For followers of the band, after the breakdown of the mid-1990's, the last thing one would expect to hear is that it's their overlooked final album created in mid-rift, "Pygmalion", which stands out as an obvious point of stylistic reference amidst the sonic concoction of this new live incarnation. This was made all that much more surprising for Neil Halstead's often-expressed sentiment that that era of his music was definitively closed and it was his 4AD released project Mojave 3 and solo work that would be his larger legacy. Halstead is not the only member with a vital and prolific post-breakup creative arch away from the path carved by Slowdive. The work of drummer and sound designer, Simon Scott is equal to the group's sonic summits. One only need hear the atmospheric, jazz-informed ambient tonescapes of his excellent "Bunny" for the Miasmah label for it to be made clear that the adventurous pop Scott created with Halstead, Rachel Goswell, Nick Chaplin and Christian Savill, decades before was a point of entry, rather than a final destination. In 2017, all members of the band reassembled for the first new recordings in 22 years on the magisterial and surprising "Slowdive", for Bloomington Indiana label, Dead Oceans.

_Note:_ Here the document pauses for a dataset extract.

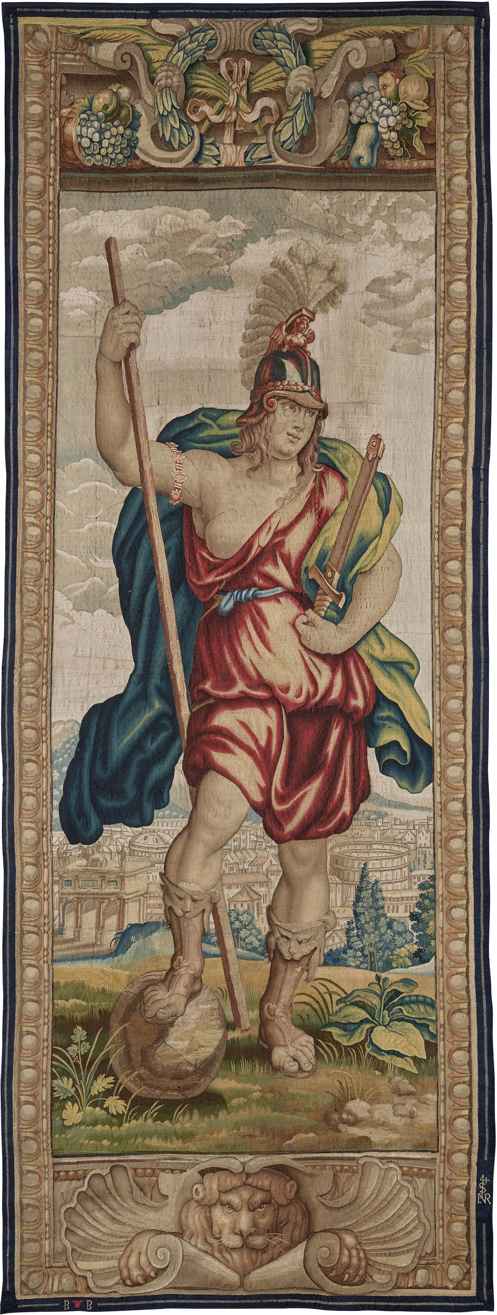 Der Vertrag vom 9. November 1616, in dem Jan Raes und der Genueser Kaufmann Francesco Cattaneo vereinbarten, den Decius-Mus-Wandteppichzyklus zu wirken, bezieht sich nicht nur auf die Hauptstücke, sondern auch auf drei solcher schmalen Behänge (der dritte stellt ein „Trophäum“ dar, wofür in der Antike ein Baumstamm mit Rüstungsteilen und Waffen der Feinde behängt wurde). Diese sind nicht direkt Teil der erzählerischen Handlung, sondern liefern eine kommentierende Anmerkung. Somit sieht man die beiden weiblichen Personifikationen heute als Lobpreisung der Heldentat des Konsuls und nicht als allgemeinen Hinweis auf ein triumphierendes Rom. Tatsächlich deuten verschiedene Darstellungen von Rubens und seinen Vorgängern darauf hin, dass hier nicht die Göttin Roma, sondern die Figur der Virtus, der Verkörperung militärischer Tugend, dargestellt wird. Zusammen bezeichnen die Figuren von Victoria und Virtus die beiden Eigenschaften, die die Tat von Decius Mus prägen: Es war die römische Tugend dieses Mannes, die Rom den Sieg bescherte.

This album singularly giving momentum to, "The Unlikely Renaissance of Slowdive", ascending to heights of popularity never previously seen by the band, riding the wave of the "Jewel-like, Spacious Return" of their sound. The development of this new work detailed for Stereogum by guitarist, Rachel Goswell "The Only Goth in the Village", who along with Halstead, was the primary architect of 1995's "Pygmalion", stating that his time out the group dynamic was all important, offering; "It's poppier than I thought it was going to be,". "When you're in a band and you do three records, there's a continuous flow and a development. For us, that flow re-started with us playing live again and that has continued into the record". After multiple Us tours, and five years, they return to this process for "Everything is Alive", which Neil Halstead speaks with NPR on the subject of their new album, and the coming tour of "Exquisite Songs from the Comeback Kids of Shoegaze".